Мои ноги считают, что это не очень хорошая идея.
— Я бы остался здесь, если ты не возражаешь.
— Тебе надо встать, Мэтью.
Ну, уж нет. Мои ноги все еще говорят «Отвали».
— Не думаю, что смогу.
А потом я вижу ее. Она садится на колени рядом с Ронни — рядом со мной. Она прикасается своей теплой ладонью к моей руке в том месте, где заканчивается футболка. И она шепчет:
— Поднимайся, сукин ты сын… потому что Микки любит тебя.
Я тут же начинаю закашливаться. Не из-за будоражащей цитаты из фильма — а из-за того, что эти слова могли бы значить.
Для нас.
— Ты смотрела Рокки пять?
Долорес кивает.
— Я смотрела их все.
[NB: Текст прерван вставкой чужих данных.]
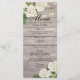 Modelos de Cartões Rack de Menu de Casamento - Flores Hydrangea Hydrangea, adoráveis Aquarelas brancas Elegantes, e Luzes de Cordas no Fundo Russo da Madeira. Um Design Perfeito Para O Seu Grande Dia! Todo Estilo De Texto, Cores, Tamanhos Podem Ser Modificados Para Ajustado Das Suas Necessidades.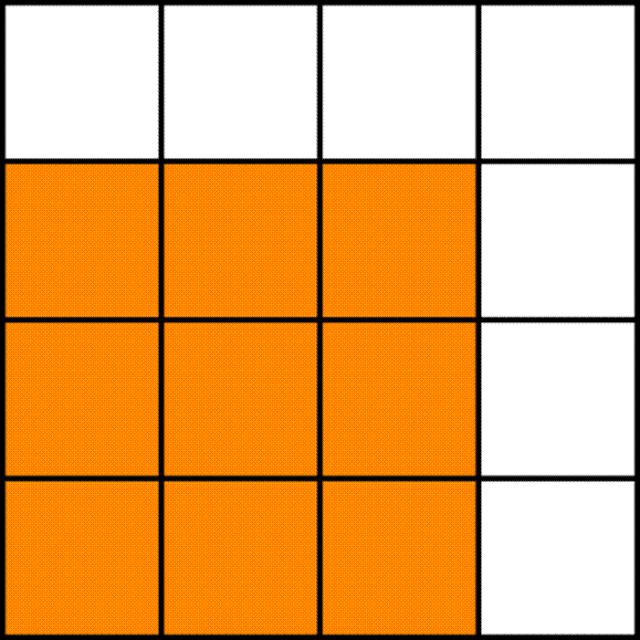 Narysuj kwadrat, podziel go na 16 kratek i pomaluj 9 z nich.

Смерть Микки — самое печальное, что я видела в своей жизни.
Потом ее лицо поникло, и она заплакала.
Она не пытается скрыть это. Она не закрывает лицо руками и не сдерживает рыдание. Потому что она не претворяется быть кем-то, кем не является. Примите ее или оставьте ее, вы получаете то, что видите.
Вот что я люблю в ней. Одна из многих вещей, что я в ней люблю.
У меня тяжелая рука, но я все равно ее поднимаю. Рука все еще в перчатке, но вытираю с ее щек дорожки от слез.
— Не плач, Ди.
— Прости. Прости. Я вела себя с тобой ужасно.
— Нет… я был идиотом. Я обещал быть терпеливым, а потом я… не был.
— Нет, ты был прав. Ты был прав во всем.
Я вспоминаю о наших зрителях, когда Ронни начинает всех уговаривать:
— Ну, ладно, парни, давайте оставим этих двоих голубков ненадолго. Пусть поплачутся друг дружке.
Когда все идут на выход, Ронни кивает мне и Ди:
— Вот именно поэтому, я и не хочу женщин в своем зале.
Как только мы остаемся одни, я заставляю себя сесть. Это не тот разговор, который мне хочется вести, лежа на спине. Ну… если только я не голый лежу на спине.
Ди помогает мне снять перчатки, и я облокачиваюсь спиной на угол ринга.
Она спрашивает:
— Ты в порядке?
— Да. Правда ощущение, что по моему лицу проехалась фура, но в остальном я нормально.
Мстительным взглядом она смотрит в сторону раздевалки, куда вышел Шонеси.
— Прежде чем уйти, я проткну этому кретину шины. Тогда тебе станет легче?
Я усмехаюсь.
— Никогда не меняйся, Ди.
Она немного приходит в себя и смотрит вниз на свои руки. Потом признается:
— Одна только мысль о том, что у меня к тебе чувства — настоящие чувства, которые навсегда — пугает меня до ужаса.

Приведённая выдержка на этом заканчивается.